Ann “Dino-Cunt” Coulter, who manages to spew unparalleled hate even when her mouth is stuffed full of George Bush’s cock, said this today of her fag-bashing comment about John Edwards:

C’mon, it was a joke. I would never insult gays by suggesting that they are like John Edwards. That would be mean.

Here is out major problem with Ann Coulter: She says stupid shit that is offensive without being funny or making any sense. See, liberals say hateful things about George W. Bush because he’s an idiot who never had to work for anything and also has no intellectual curiosity and also a religious fundamentalist who has driven our country into the ground and ignited unparalleled chaos in the world. That’s why liberals say what they say about Bush, and generally manage to say things that are a.) funny or b.) grounded in reality or c.) both.

Calling John Edwards a faggot is not funny OR grounded in reality. John Edwards is not a homosexual, and there is nothing inherently bad about being a homosexual, and so what Coulter said about Edwards makes absolutely no sense. She incorrectly used a rather contentious epithet.

Anyway, nobody’s really got her back. Today, McCain, Guiliani and Romney all expressed outrage and disgust over what she said, the funniest of those being Romney because out of all of them he’s the most likely to actually be disgusted by comments like these, but the least likely to voice those feelings without political cover since he’s such a calculating fraud of a shell of a human being, which of course makes him our pick for ‘08. And we’re good company! Ann “Godzilla Cunt” Coulter also said today that Romney is her man, too! When it comes to frauds, it takes one to know one!

John Edwards is a negroe AND a faggot

Saturday, March 3rd, 2007

jevandal.jpgHere’s our new revelation about the country’s cuntiest right-wing loudmouth, Ann Coulter: she’s actually a 12-year-old boy. At some conservative speaking gig she had the other night, she called John Edwards a faggot… wha? Here’s the quote, from UPI:

“It turns out you have to go into rehab if you use the word ‘faggot,’ so I’m kind of at an impasse — I can’t really talk about Edwards,” she said.

Clearly that’s been a big laugh line for Coulter, cause she’s been using for months since the Isaiah Washington thing.
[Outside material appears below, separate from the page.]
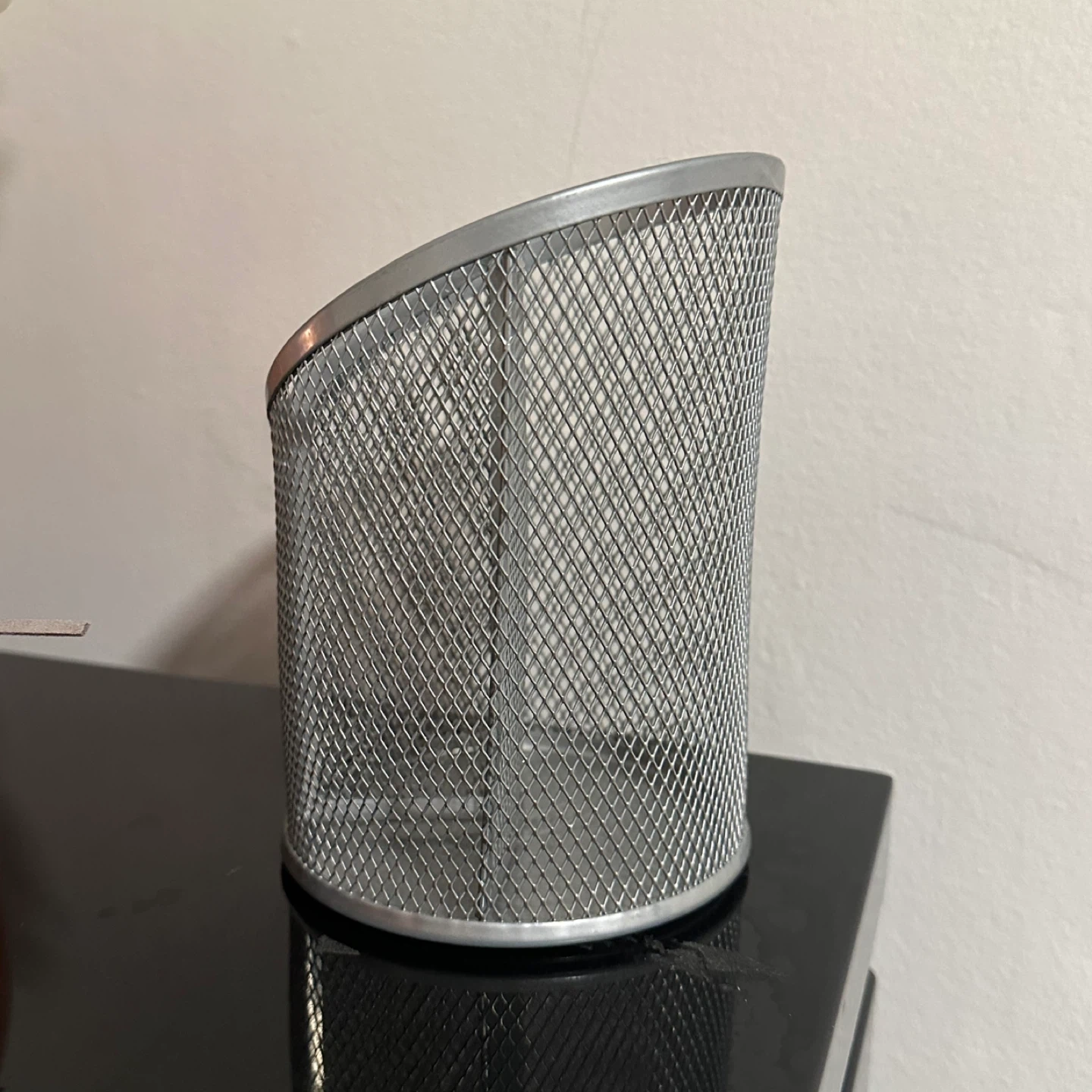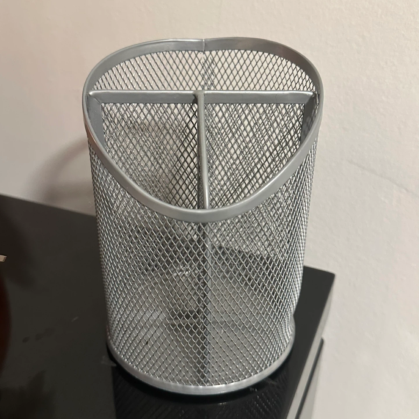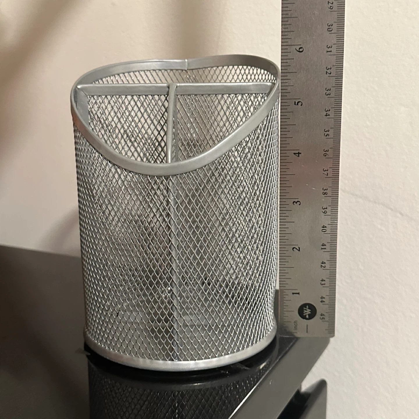 This is a silver mesh desk organizer with three sections. It's about 5 1/2 inches tall. Keeps pens and pencils tidy!

As we know from the Half Hour News Hour, these right wingers aren’t funny, and so it’s no surprise that Ann has a shitty sense of comedic timing. You gotta keep it current, girl. And rehab probably wouldn’t be a bad idea either.

Anyway, this came exactly one day after Edwards’ Second Life Campaign HQ(?) was vandalized by a photoshopped photograph of Edwards in blackface.

My my, this really is a rather charming side these folks are showing this weekend, is it not?